Information shown:
◇ ◇ ◇ ◇ ◇ ◇ ◇

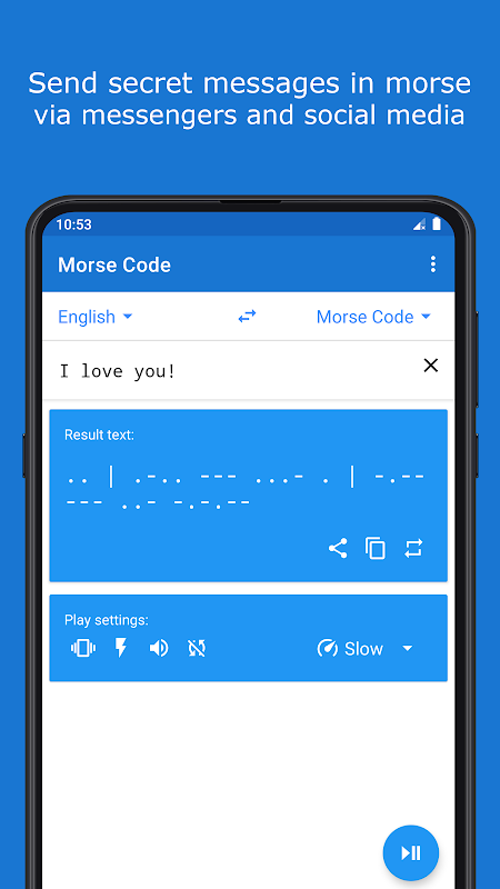 মেসেঞ্জার এবং সামাজিক নেটওয়ার্কের মাধ্যমে বন্ধুদের সাথে morse আপনার টেক্সট শেয়ার করুন। অ্যাপ্লিকেশন এছাড়াও অন্যান্য অ্যাপ্লিকেশন থেকে পাঠ্য গ্রহণ করতে পারেন।
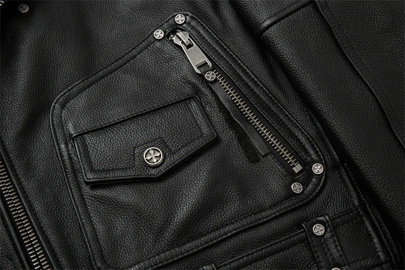 Motorcycle Leather Jacket Men Moto Riding Leather Jacket Mens Clothing Biker Coat Genuine Natural Calfskin Clothes Mens Jackets
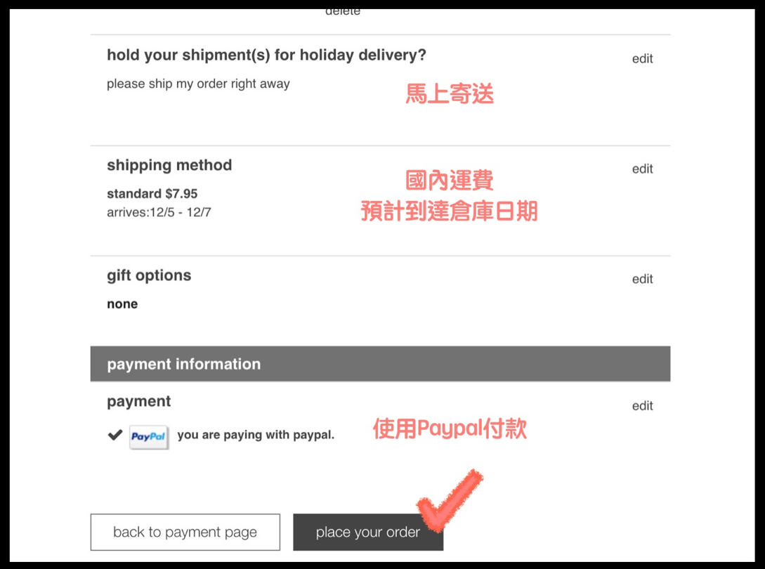 Step7. 最後點選確認購買 place your order,這樣就完成囉!

◇ ◇ ◇ ◇ ◇ ◇ ◇

Task details: Starting at the line that holds "Motorcycle Leather Jacket", retype every line through the end of the data, both ends included. Pictures stay out of the copy.

Result of the exercise:
 Motorcycle Leather Jacket Men Moto Riding Leather Jacket Mens Clothing Biker Coat Genuine Natural Calfskin Clothes Mens Jackets
 Step7. 最後點選確認購買 place your order,這樣就完成囉!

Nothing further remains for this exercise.